A few weeks ago I pulled an entire center cut pork loin out of the deep freezer and split it into three even pieces. I then brined them for about a day, seasoned, and vac sealed them. I cooked one right away with tremendous results and froze the other two for a later date. That later date came Saturday. I thawed another one and let it dry in the fridge, then threw it in the smoker for 4 hours of cold smoking. I vac sealed it yet again and placed it in the sous vide tank for a shade over 6 hours at °145. I took it out and dried it well before cast iron pan searing.

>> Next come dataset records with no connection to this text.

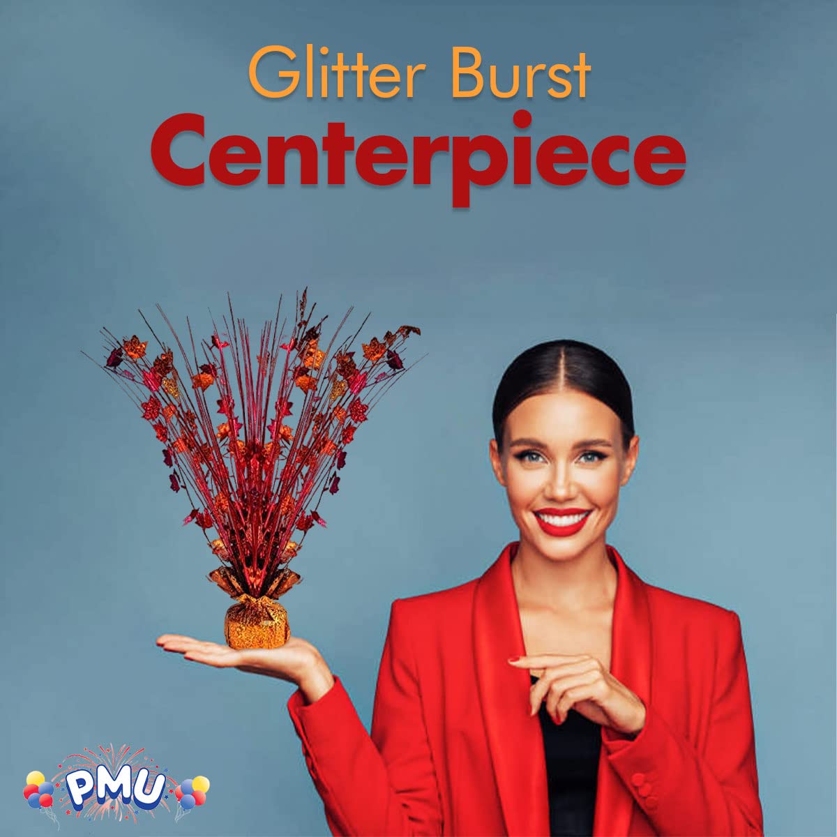 - GLITTER BURST CENTERPIECE: PMU fall leaves glitter burst centerpiece is adorned with leaf-shaped cutouts and charming Mylar-Foil accents. This balloon weight in this table centerpiece is just for creating a stunning fall-themed balloon bouquet. Just tie some foil and latex helium balloons together with curling ribbon then anchor them to this table centerpiece.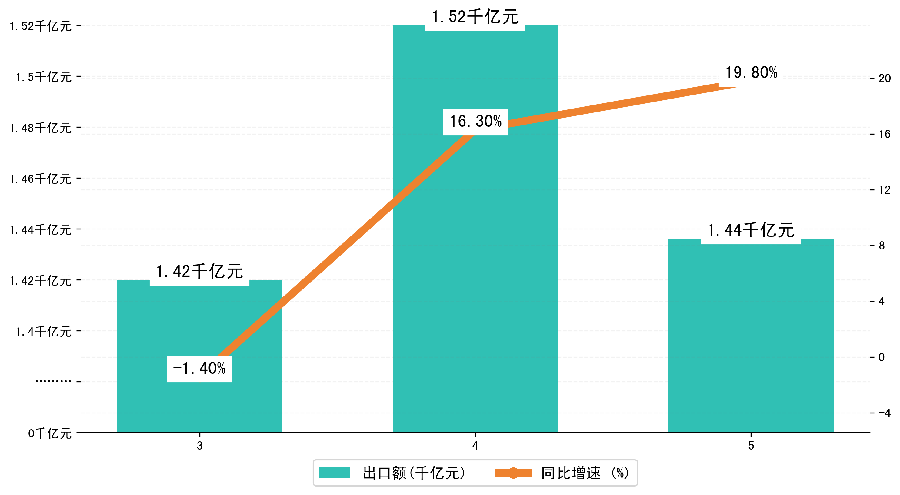 一、2023年5月上海市单月出口总额及进出口差额统计分析
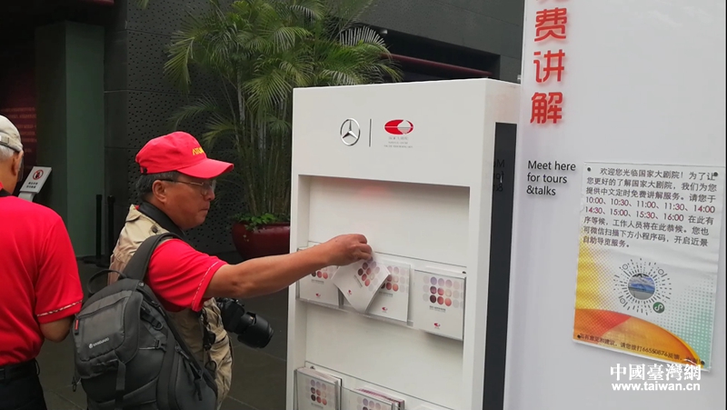 国家大剧院内,参访团成员观看讲解图册。(中国台湾网 张露露 摄)

I was impressed with how well it took the smoke and may even try to see if a longer smoke will penetrate further into the loin. It was an interesting take on ham... basically. After dinner I thought about how great this stuff would be in an eggs benedict. That will be posted sometime I am sure.


----------



## SonnyE (Feb 26, 2018)

Looks great to me Bob!

And in eggs Benedict, Oh Yeah!

I'm confused. I thought once meat was thawed, it was not good to refreeze it?
I am going to do that with some Salmon I'm going to smoke tomorrow, refreeze it.
Maybe I just need to update my thinking.


----------



## SmokinAl (Feb 27, 2018)

That looks delicious!
Al


----------



## SmokinGame (Feb 27, 2018)

Looks really nice. Mouth watering!

Reading more about the sous vide method. I may just have to take up something new after seeing those results.


----------



## oddegan (Feb 27, 2018)

Looks Fantastic! What did you smoke that in? 4 hour smoke and the ring looks at least a half inch. That's some serious penetration. Nice!


----------



## Rings Я Us (Feb 27, 2018)

I like that.. looks like extra good stuff for sandwiches. Nice:cool:


----------



## Bearcarver (Feb 27, 2018)

Nice Job, Bob!!:)
Looks Absolutely Beautiful !
Like.

Bear


----------